Чтобы расчленить ее тело и накормить ею свое племя. Чтобы оставить от жертвы только белые косточки, которыми будут играть "дети". Играть и учиться жестокости, впитывать такую жизнь, учиться воспроизводить ее. Но где же они?
Они жмутся друг к другу - дрожат и боятся, сидя в дальнем углу пещеры, изредка поглядывая внутрь круга. Они боятся теней, кривляющихся в диких плясках на стенах. Они страшатся силы большого вождя, подчинившего племя, убившего огромного клыкастого бабая и поглотившего силу дикого зверя.
Им немного жаль эту лань... у нее такие большие и красивые глаза... Но они не смеют показать жалость. Свою слабость.
Охотники бьют в барабаны и кривляются в дьявольских плясках, исполняя ритуалы предков.
Костяной нож вонзается в тело лани, прямо шею. Бардовая кровь заливает песок. Губы лани шевелятся в такт движениям руки, сжимающей нож. Они... будто шепчут что-то.
- Суть страдания, суть страдания...
Вождь ставит колено на грудь жертвы, и она словно выдыхает, на ее больших черных глазах проступает какая-то прозрачная жидкость... Вождь на мгновенье останавливается и слизывает кровь со своей руки... ритм барабанов становится быстрее и быстрее.

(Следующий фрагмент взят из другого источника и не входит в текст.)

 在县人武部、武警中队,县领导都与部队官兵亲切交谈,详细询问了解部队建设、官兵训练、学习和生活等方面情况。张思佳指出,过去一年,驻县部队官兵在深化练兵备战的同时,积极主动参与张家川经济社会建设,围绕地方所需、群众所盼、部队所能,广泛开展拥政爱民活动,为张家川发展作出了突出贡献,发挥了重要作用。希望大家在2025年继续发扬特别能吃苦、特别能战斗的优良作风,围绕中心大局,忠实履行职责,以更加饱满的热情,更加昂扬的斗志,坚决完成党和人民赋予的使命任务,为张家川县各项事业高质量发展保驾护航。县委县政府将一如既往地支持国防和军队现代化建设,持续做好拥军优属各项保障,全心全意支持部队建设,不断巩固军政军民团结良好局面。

Затем как-то резко следующий сон.
Охотники ушли. Посередине комнаты в луже крови лежит Мирче. На его груди - кровавый след, оставленный армейским ботинком.
К нему подбегает Драгош:
- Животные... животные!
- Тише, - шепчет осторожно приближающийся Михал, - так мы не поможем.
Драгош опускается на колени возле тела убитого.

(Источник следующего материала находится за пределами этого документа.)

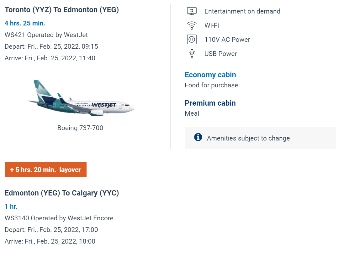 In the above example, Wi-Fi is offered on the flight from Toronto to Edmonton, but not on the flight from Edmonton to Calgary.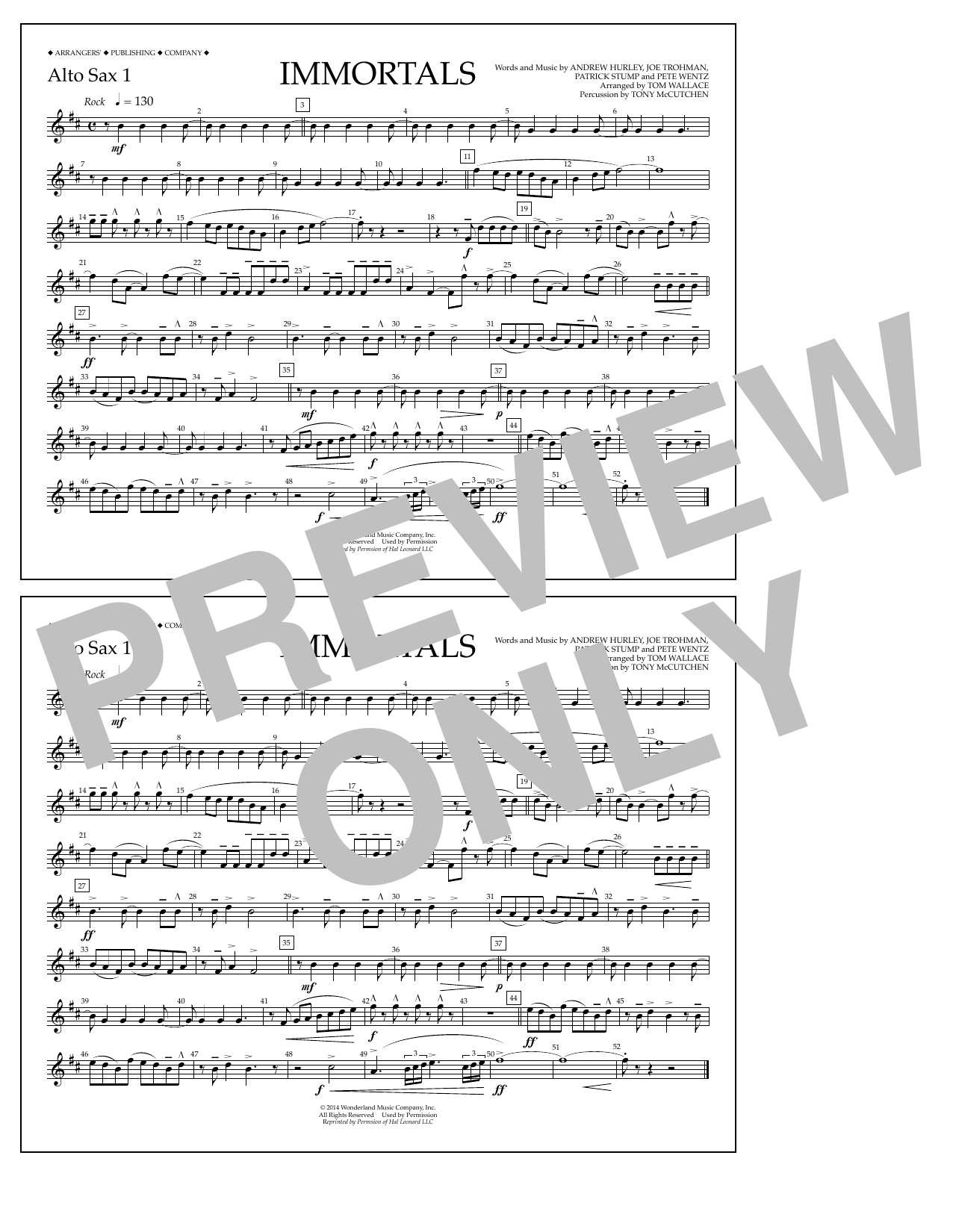 Download or print Fall Out Boy Immortals (from Big Hero 6) (arr. Tom Wallace) - Alto Sax 1 sheet music, chords and digital score arranged for Marching Band. This Disney score includes 1 page(s).

- Слишком поздно, - говорит он дрожащим голосом.
Его дыхание становится тяжелее. Ладони сжимаются в кулаки. В бездонных, почти черных глазах вспыхивают блестящие алмазные искры...
- Мы можем только отомстить,- говорит он глухим и каким-то чужим голосом.
- Позже. А сейчас поможем ему, - пытаясь упокоить Драгоша, произносит Михал.
Ученик поворачивается к наставнику и задает вопрос своим взглядом.
- Прошло не так много времени, - отвечает Михал, - он еще здесь.
- Ты... не обманываешь меня?
- Но кроме инъекции нужно кое-что еще. Твоя помощь.
Драгош кивает головой.
- Обними его, зажми рот, - указывает Михал.
Драгош делает все, как было сказано.
- Нужно отдать ему кое-что, - шепчет ему на ухо Михал и делает укол маленьким шприцем в шею убитого.
Драгош смотрит на шприц и не видит, с какой яростью зажигается взгляд Михала. Тот опускается на колени возле Мирче. Наклоняется к его лицу.
И что-то шепчет...
Драгош искоса смотрит на оборотня и чувствует, что пути назад нет - видимо, вервольф как-то незаметно вонзил другой шприц в шею Драгоша, ведь на ране застыла капля крови.
В глазах Михала еще сильнее разгорается ярость, он отбрасывает второй шприц в сторону. Прищуривается и сжимает ладони в кулаки. Едва не хрипя, произносит древнее, как сама жизнь, заклинание.
Драгош пытается услышать его, но разобрать удается не все. Будто знакома только часть этих слов...
- Я взываю к чистоте боли... к подлинности страдания...
Это контрольная фраза? У Мирче тоже имплант?
Михал разжимает кулаки, и кажется, что из них вырываются языки пламени... смесь причудливых оттенков зеленого и красного. Затем он буквально вонзает их в тело Мирче - в верхнюю часть живота и прямо под ребра. Тело содрогается и выгибается дугой.
Боль!
Но боль это жизнь.
Изо рта Мирче вырывается жуткий крик - и это тоже жизнь. Страдание это жизнь. Драгош зажимает брату рот, вопль стихает и постепенно переходит в гортанные хрипы. Боль и ужас материального мира стремительно нарастают. Жизнь возвращается.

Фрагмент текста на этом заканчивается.